What is lupus and what causes it?
Systemic lupus erythematosus is an autoimmune disease. We call autoimmune diseases those in which the defense mechanisms of the body designed to defend against external aggressions, for reasons not well known begin to target and attack the body itself. In the case of systemic lupus erythematosus, we know that there is a hereditary base in the disease, as shown by the familial aggregation of cases and the relationship between this disease and other autoimmune diseases, although we do not know the exact mechanisms by which this alteration is initiated.
What symptoms does it present?
The symptoms of the disease are very varied because these auto-antibodies, which are these products of the defense mechanisms that attack the organism, can be directed to a multitude of organs and systems. In any case, the most common symptoms are skin lesions, especially the photosensitivity of sun reactions, joint pain with arthralgias, arthritis, frequent myalgias, although a multitude of symptoms such as inflammation of the serous, pleura, pericardium may appear. involvement in the kidneys, neurological involvement, although all the more serious forms of the disease are much less frequent. The vast majority of patients have either skin lesions or skin lesions plus joint pain plus biological alterations.
What is the treatment and what's new?
When we diagnose a patient with systemic lupus erythematosus, the first thing to say is whether or not they need treatment. Not all patients need treatment, if all patients should be monitored.
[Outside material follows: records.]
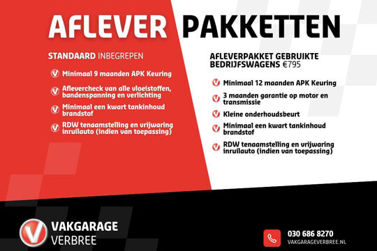 De prijs is inclusief minimaal 9 maanden APK, controle van vloeistoffen, verlichting en bandenspanning, een kwart tank brandstof en RDW tenaamstelling. Bij ons heeft u de keuze de aflevervoorwaarde uit te breiden, zie hiervoor het extra afleverpakket in de fotogalerij van deze auto.
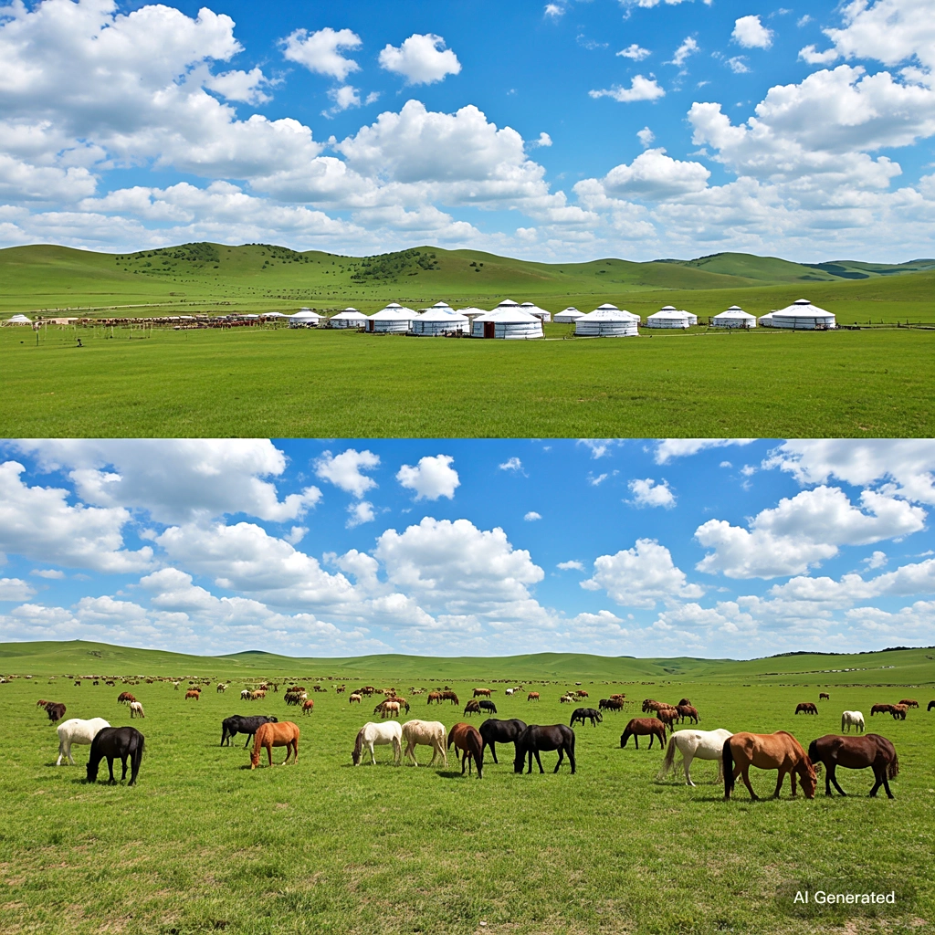 特色:一望无际的翠绿草原与蓝天相接,牛羊如珍珠散落,蒙古包点缀其间,展现最原始的草原生命力。拍照tips:
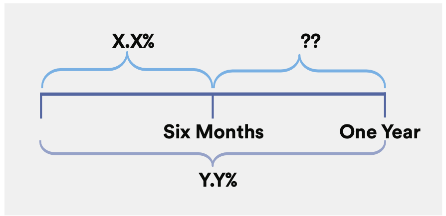 For example, if a 1-year security can be purchased at a yield of 4.42% and a 6-month investment at a yield of 4.92%, then the 6-month security needs to be reinvested upon maturity for 6 additional months at an approximate yield of 3.92% to “breakeven” with purchasing a 1-year security at a yield of 4.42%:
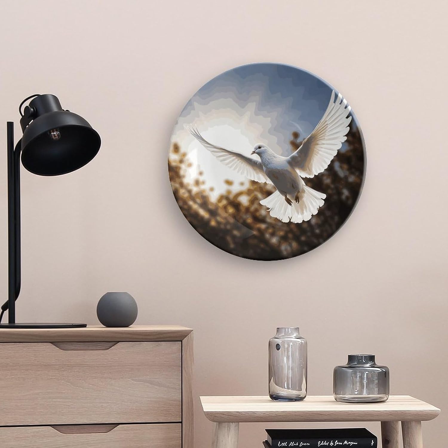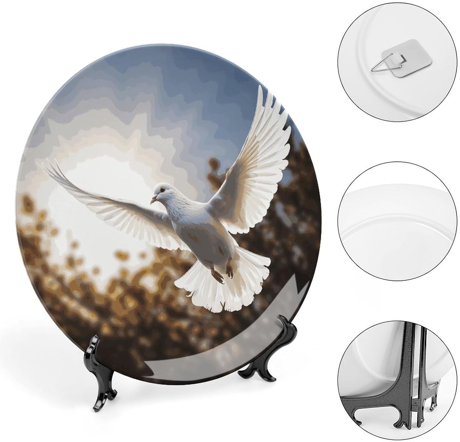 High Quality Material: Made from high-quality ceramic, this plate is not only visually stunning but strong enough for everyday use. Its smooth surface ensures easy maintenance and long-lasting appeal.Appeal: This White Dove Flying in The Sun bone china plate has a traditional design and is a statement piece. It's a great addition to your dinnerware collection or a beautiful addition to your home.The ceramic plate can be placed three-dimensionally with its base on the table or hung.The diy patterns are vibrant and suitable for most office or home decor, living rooms, tables, kitchens, shelves, dinner parties, housewarmings, vacations, weddings, restaurants, florists, spas and other special occasions. It comes with a display stand and is sturdy, versatile, stylish and safe for everyone to use. Quality plates stand out and give their owners confidence and aesthetic taste.

There are patients that with an annual follow-up visit is more than enough. Patients who have very mild forms of the disease such as joint or skin lesions can go very well with a very old and widely used drug that is hydroxychloroquine sometimes combined with small doses of corticosteroids or anti-inflammatories at specific times. If the disease affects other organs and the risk of complications is a little higher, corticosteroids can be added to hydroxychloroquine at higher doses and sometimes we use immunosuppressants such as azatriopine.. Currently, in more serious cases that, I repeat, are less frequent, we use corticosteroids at very high doses, sometimes immunosuppressants such as cyclophosphamine and sometimes monoclonal antibodies, as rituximab has recently been used.. Recently, the use of a new monoclonal antibody, belimumab, has been accepted by the Spanish drug agency, which is indicated for patients who have used azatriopine or mycophenolate, have not controlled the disease and have positive anti-DNA antibodies. Small specific group of patients can benefit from the use of monoclonal antibodies.